While these algorithms have been around for over half a century, applying them to silica was impossible until recently, Driver said. The calculations were simply too labor-intensive. Even today, with the advent of more powerful supercomputers and fast algorithms that require less computer memory, the calculations still required using a number of the largest supercomputers in the United States.
As pressure increases with depth, the silica molecules crowd closer together, and the silicon atoms start coming into contact with oxygen atoms from neighboring molecules. Several structural transitions occur, with low-pressure forms surrounded by four oxygen atoms and higher-pressure forms surrounded by six. With even more pressure, the structure collapses into a very dense form of the mineral, which scientists call alpha-lead oxide.
It’s this form of silica that likely resides deep within the earth, in the lower part of the mantle, just above the planet’s core, Driver said.
When scientists try to interpret seismic signals from that depth, they have no direct way of knowing what form of silica they are dealing with. So they must simulate the behavior of different forms on computer, and then compare the results to the seismic data. The simulations rely on quantum mechanics.
In PNAS, Driver, his advisor John Wilkins, and their coauthors describe how they used a quantum mechanical method to design computer algorithms that would simulate the silica structures. When they did, they found that the behavior of the dense, alpha-lead oxide form of silica did not match up with any global seismic signal detected in the lower mantle.
This result indicates that the lower mantle is relatively devoid of silica, except perhaps in localized areas where oceanic plates have subducted, Driver explained.
Wilkins, Ohio Eminent Scholar and professor of physics at Ohio State, cited Driver’s determination and resourcefulness in making this study happen. The physicists used a method called quantum Monte Carlo (QMC), which was developed during atomic bomb research in World War II. To earn his doctorate, Driver worked to show that the method could be applied to studying minerals in the planet’s deep interior.

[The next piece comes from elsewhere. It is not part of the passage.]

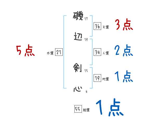 天運![]() | 磯辺剣心さんの天運は36画の3つ星!先見性が豊かです。多少神経質で苦労することも。 家系が持つ宿命的な運勢を表します。祖先から受け継いだ苗字ですので自分の力が及びません。家柄を象徴します。 |
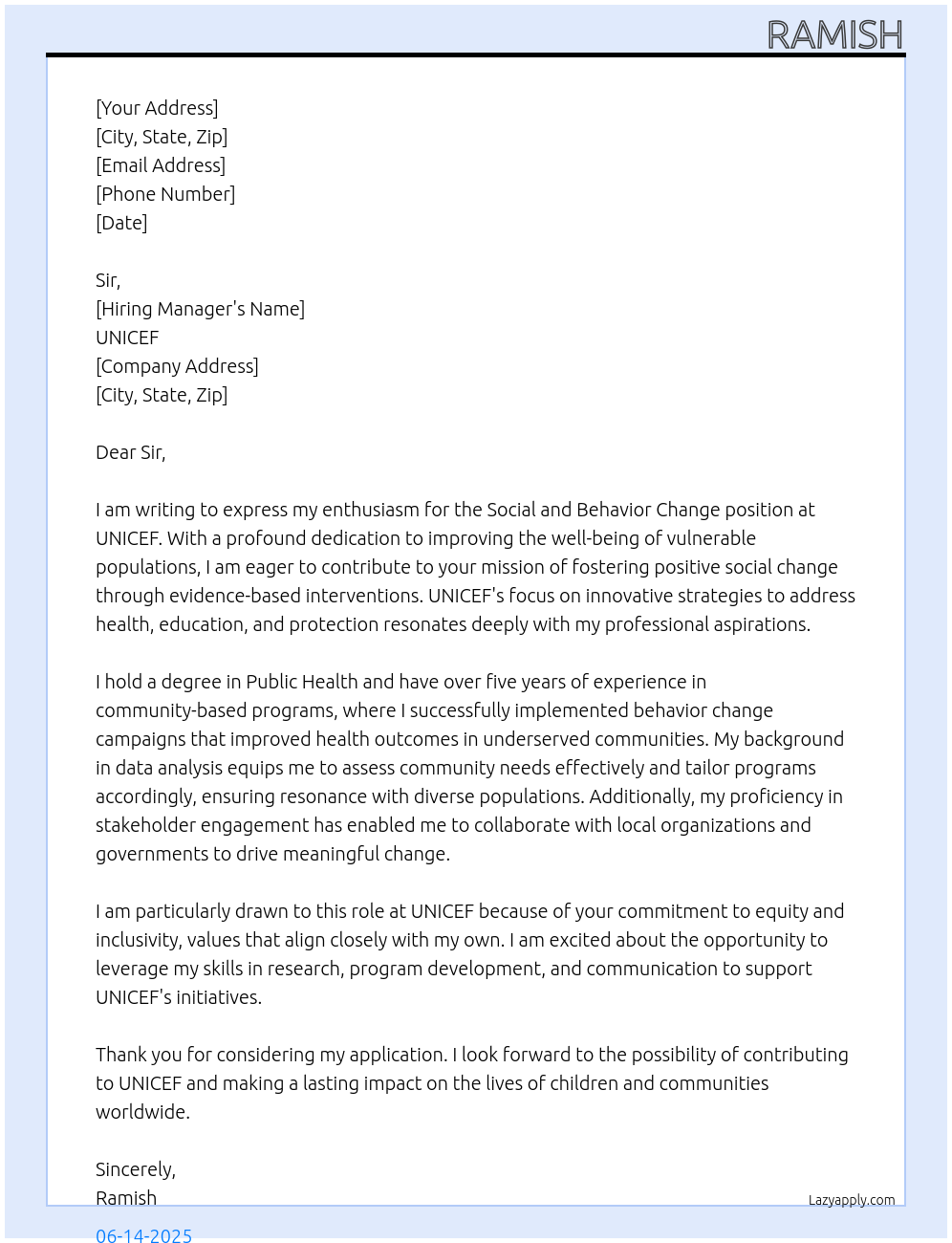 Check out these social & behavior change cover letter sample and examples previously used by job seekers to land on job interviews as social & behavior change. Use our AI cover letter generator to create a personalized cover letter as social & behavior change.

"This work demonstrates both the superb contributions a single graduate student can make, and that the quantum Monte Carlo method can compute nearly every property of a mineral over a wide range of pressure and temperatures,” Wilkins said. He added that the study will “stimulate a broader use of quantum Monte Carlo worldwide to address vital problems.”
While these algorithms have been around for over half a century, applying them to silica was impossible until recently, Driver said. The calculations were simply too labor-intensive.
Even today, with the advent of more powerful supercomputers and fast algorithms that require less computer memory, the calculations still required using a number of the largest supercomputers in the United States, including the Ohio Supercomputer Center in Columbus.
“We used the equivalent of six million CPU hours or more, to model four different states of silica” Driver said.
He and his colleagues expect that quantum Monte Carlo will be used more often in materials science in the future, as the next generation of computers goes online.
Coauthors on the paper included Ronald Cohen of the Carnegie Institution of Washington; Zhigang Wu of the Colorado School of Mines; Burkhard Militzer of the University of California, Berkeley; and Pablo López Ríos, Michael Towler, and Richard Needs of the University of Cambridge.
This research was funded by the National Science Foundation and the Department of Energy. Computing resources were provided by the National Center for Atmospheric Research, the National Energy Research Scientific Computing Center, the National Center for Supercomputing Applications, the Computational Center for Nanotechnology Innovations, the TeraGrid, and the Ohio Supercomputer Center.